THE United Nations sanctions against North Korea seek to apply economic pressure on its government in an effort to dissuade it from further testing nuclear bombs and intercontinental ballistic missiles.
The latest sanctions, issued last Dec. 22, 2017, sought to limit North Korea’s crude oil exports to 4 million barrels a year and banned nearly 90 percent of its crude oil exports. The UN also called on various countries around the world to end their employment of North Korean overseas workers.
These economic sanctions have been gradually increasing over the years but they do not seem to have had the desired effect. North Korea has not stopped its tests. After its last one last December, it declared that its missiles can now reach any city in mainland United States. Evidently, North Korea has managed to find ways to import and export enough oil and oil products to keep its economy and its missile tests going.
Last week, the US – via a tweet from President Donald Trump – charged that US satellites have spotted Chinese ships transferring oil products to North Korean ships in the open sea. A spokesman of China’s foreign ministry immediately denied the charge.
At about the same time, two Western European security sources said Russian tankers supplied fuel to North Korea on at least three occasions in recent months, transferring the cargo at sea. There was no immediate comment from the Russian foreign ministry.
China and Russia have long been rivals of the US in international affairs and while they officially support the UN Security Council decision for economic sanctions, certain sectors of their economy are not above dealing with North Korea.

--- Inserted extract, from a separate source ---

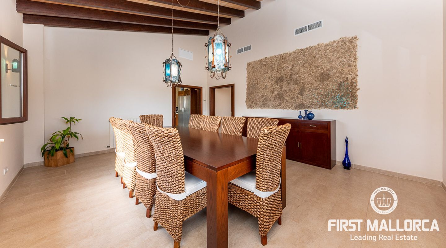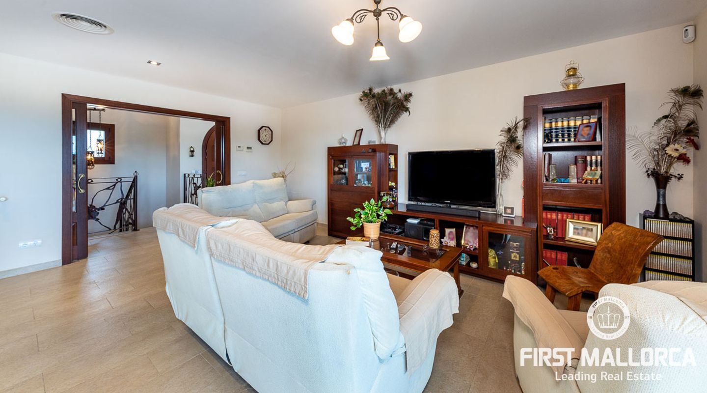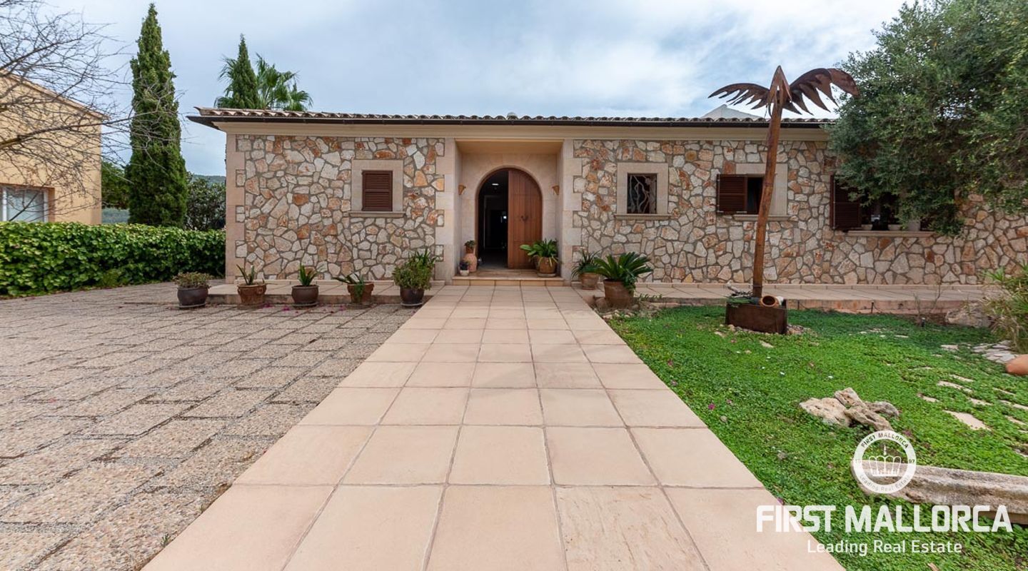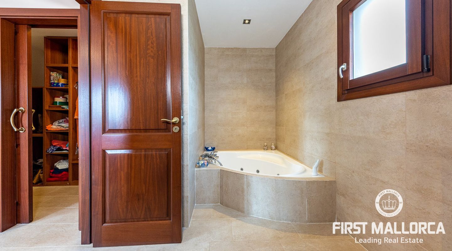 This attractive country house is situated in a peaceful, yet central part of the dynamic village of Calviá which is nestled between the mountains and the sea along the sought-after southwest coast of Mallorca. The property enjoys a very comfortable and attractive layout where the living room, dining room and spacious kitchen together with the three double bedrooms, whereof two have en-suite bathrooms, are all situated on one level with direct access to the swimming pool and surrounding terrace as well as a barrier-free access from the street. On the lower garden level one finds a spacious one bedroom guest apartment with separate living room and en-suite bathroom as well as an office and a large store room. The spacious garage offers 3 parkings and has an easy access. The natural gathering point is on the pool terrace where there is a big porch with space for a large dining table and with a barbecue, adapted for preparingbig family meals. The front garden has a pond and some fruit trees. Additional features of this fine home include hot & cold air conditioning, central oil heating with radiators, high ceilings with exposed wodden beams, fully equipped kitchen with high-end utilities and a laundry room. The Calvià village is very popular both permanent residents and holiday home owners thanks to its lively atmosphere with a good selection of restaurants, cafeterias and shops. The beaches of Palmanova and Portals are less than a 10-minute drive away and so if the marina of Puerto Portals. The city centre of Palma is reached in just over 15 minutes and the international airport in 20 minutes.

If the economic sanctions do not succeed, we fear that the US, led by the rather unpredictable President Trump, might resort to other means to force North Korea to stop its testing of weapons which, it openly claims, are aimed at the US.
In his new year of 2018, the risk of a war on the Korean Peninsula and surround nations is therefore as high as ever.
In fact the danger may have risen a few notches with the report that North Korea continues to carry on despite UN sanctions, with China and Russia now accused of surreptitiously assisting it. And with Kim Jong Un’s defiant New Year message that it will now mass-produce nuclear warheads and missiles.